[Stored records]
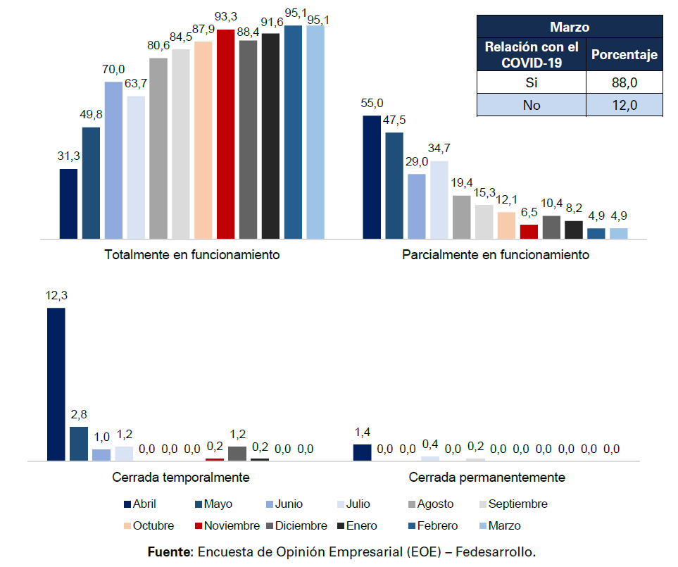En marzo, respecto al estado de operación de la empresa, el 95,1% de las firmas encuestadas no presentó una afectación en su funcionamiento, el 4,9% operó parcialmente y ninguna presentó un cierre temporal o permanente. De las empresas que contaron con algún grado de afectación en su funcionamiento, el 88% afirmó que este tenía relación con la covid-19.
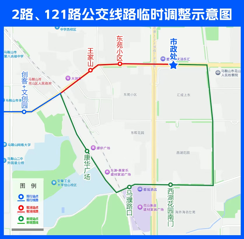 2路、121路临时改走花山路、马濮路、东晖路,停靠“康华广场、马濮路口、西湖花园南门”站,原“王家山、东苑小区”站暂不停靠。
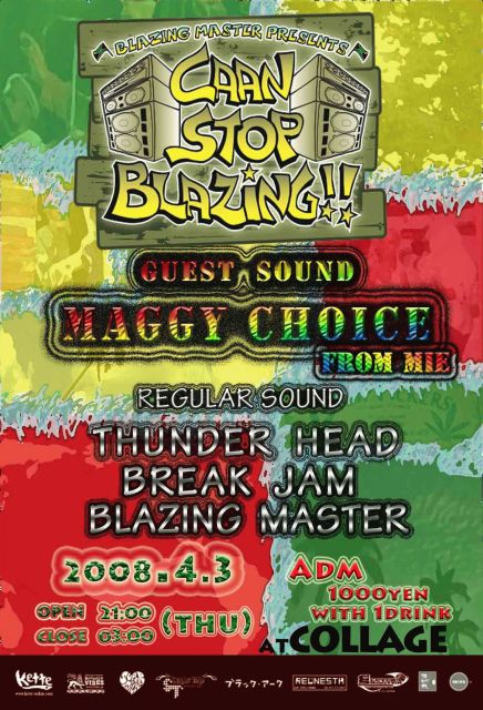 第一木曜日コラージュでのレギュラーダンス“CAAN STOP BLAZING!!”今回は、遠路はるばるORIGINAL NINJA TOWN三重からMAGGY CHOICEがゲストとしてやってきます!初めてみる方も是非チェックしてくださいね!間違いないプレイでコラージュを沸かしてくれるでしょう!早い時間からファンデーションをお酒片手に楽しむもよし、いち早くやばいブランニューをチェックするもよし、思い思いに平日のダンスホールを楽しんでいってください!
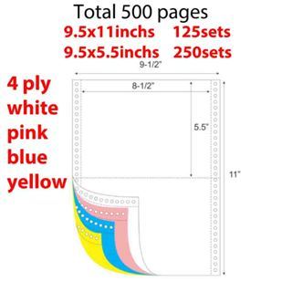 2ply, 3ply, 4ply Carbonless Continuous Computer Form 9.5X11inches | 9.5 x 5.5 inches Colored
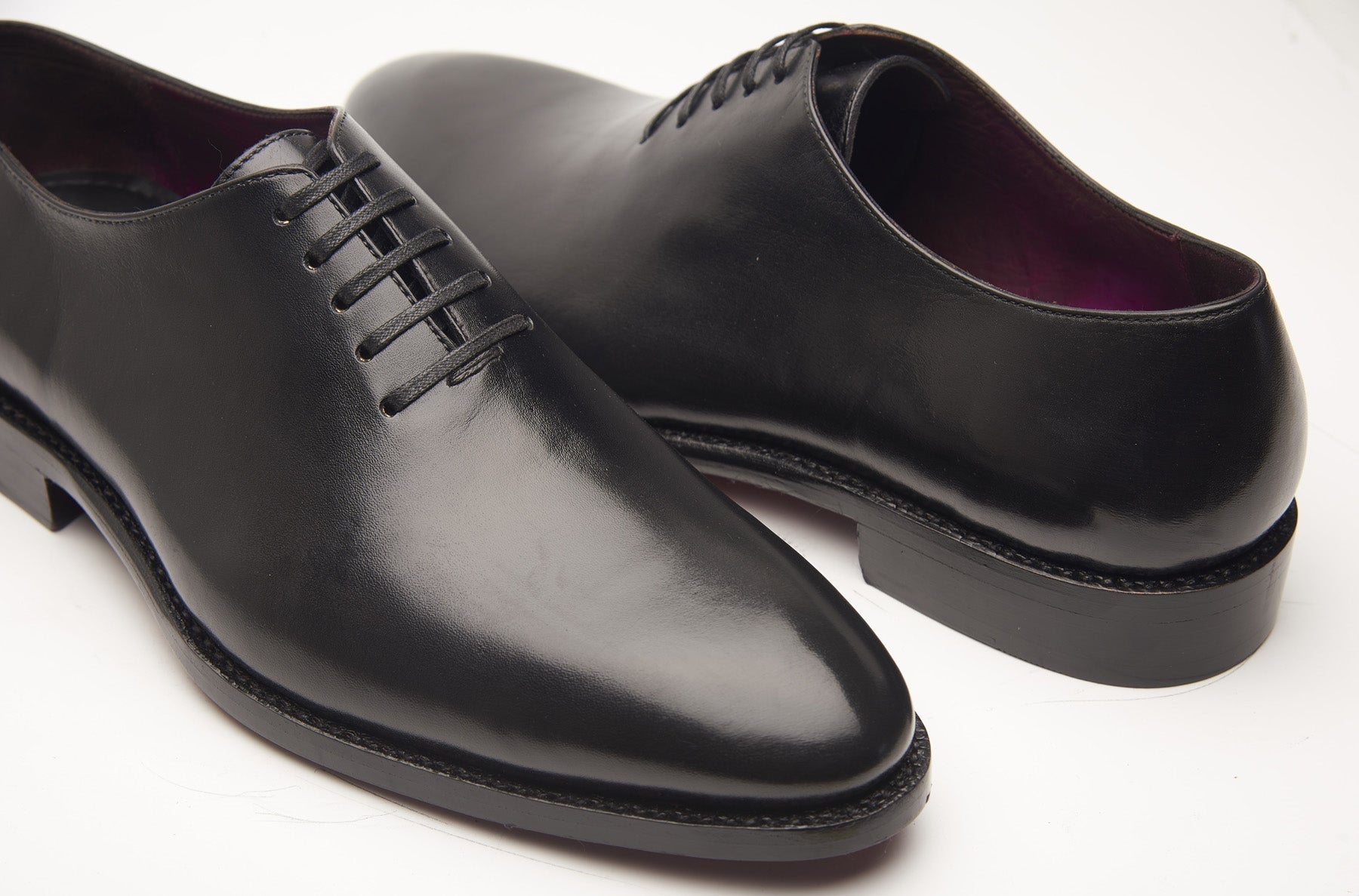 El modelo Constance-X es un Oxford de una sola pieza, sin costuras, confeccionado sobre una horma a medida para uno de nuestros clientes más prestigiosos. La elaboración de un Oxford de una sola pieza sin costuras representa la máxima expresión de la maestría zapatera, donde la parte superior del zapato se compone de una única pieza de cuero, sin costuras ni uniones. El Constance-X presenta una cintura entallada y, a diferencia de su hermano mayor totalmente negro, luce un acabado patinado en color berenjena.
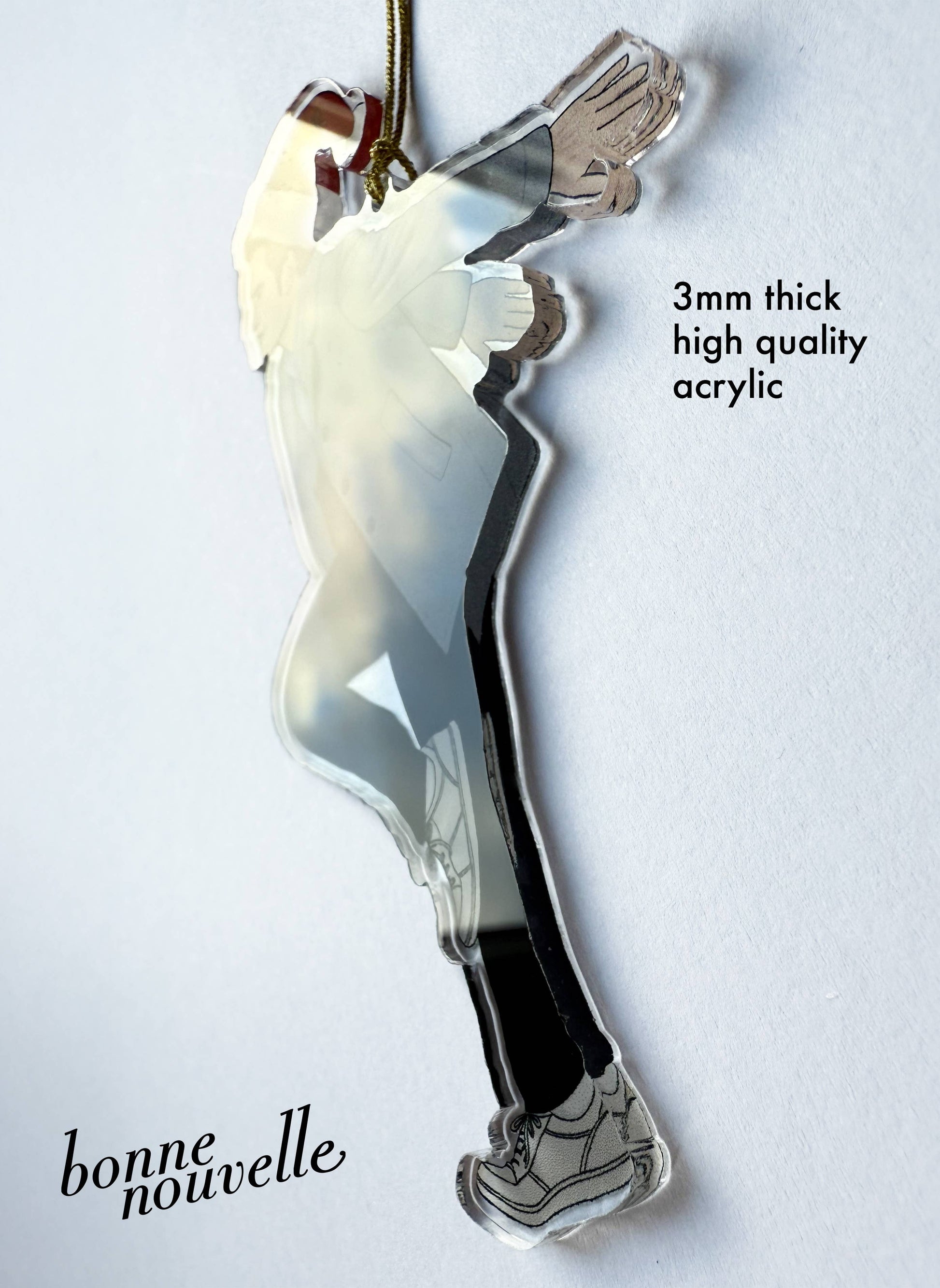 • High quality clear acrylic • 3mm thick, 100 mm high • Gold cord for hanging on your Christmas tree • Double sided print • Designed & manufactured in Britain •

## What to produce
Word for word, copy every line of the data, excluding any pictures.

## Problem solution
En marzo, respecto al estado de operación de la empresa, el 95,1% de las firmas encuestadas no presentó una afectación en su funcionamiento, el 4,9% operó parcialmente y ninguna presentó un cierre temporal o permanente. De las empresas que contaron con algún grado de afectación en su funcionamiento, el 88% afirmó que este tenía relación con la covid-19.
 2路、121路临时改走花山路、马濮路、东晖路,停靠“康华广场、马濮路口、西湖花园南门”站,原“王家山、东苑小区”站暂不停靠。
 第一木曜日コラージュでのレギュラーダンス“CAAN STOP BLAZING!!”今回は、遠路はるばるORIGINAL NINJA TOWN三重からMAGGY CHOICEがゲストとしてやってきます!初めてみる方も是非チェックしてくださいね!間違いないプレイでコラージュを沸かしてくれるでしょう!早い時間からファンデーションをお酒片手に楽しむもよし、いち早くやばいブランニューをチェックするもよし、思い思いに平日のダンスホールを楽しんでいってください!
 2ply, 3ply, 4ply Carbonless Continuous Computer Form 9.5X11inches | 9.5 x 5.5 inches Colored
 El modelo Constance-X es un Oxford de una sola pieza, sin costuras, confeccionado sobre una horma a medida para uno de nuestros clientes más prestigiosos. La elaboración de un Oxford de una sola pieza sin costuras representa la máxima expresión de la maestría zapatera, donde la parte superior del zapato se compone de una única pieza de cuero, sin costuras ni uniones. El Constance-X presenta una cintura entallada y, a diferencia de su hermano mayor totalmente negro, luce un acabado patinado en color berenjena.
 • High quality clear acrylic • 3mm thick, 100 mm high • Gold cord for hanging on your Christmas tree • Double sided print • Designed & manufactured in Britain •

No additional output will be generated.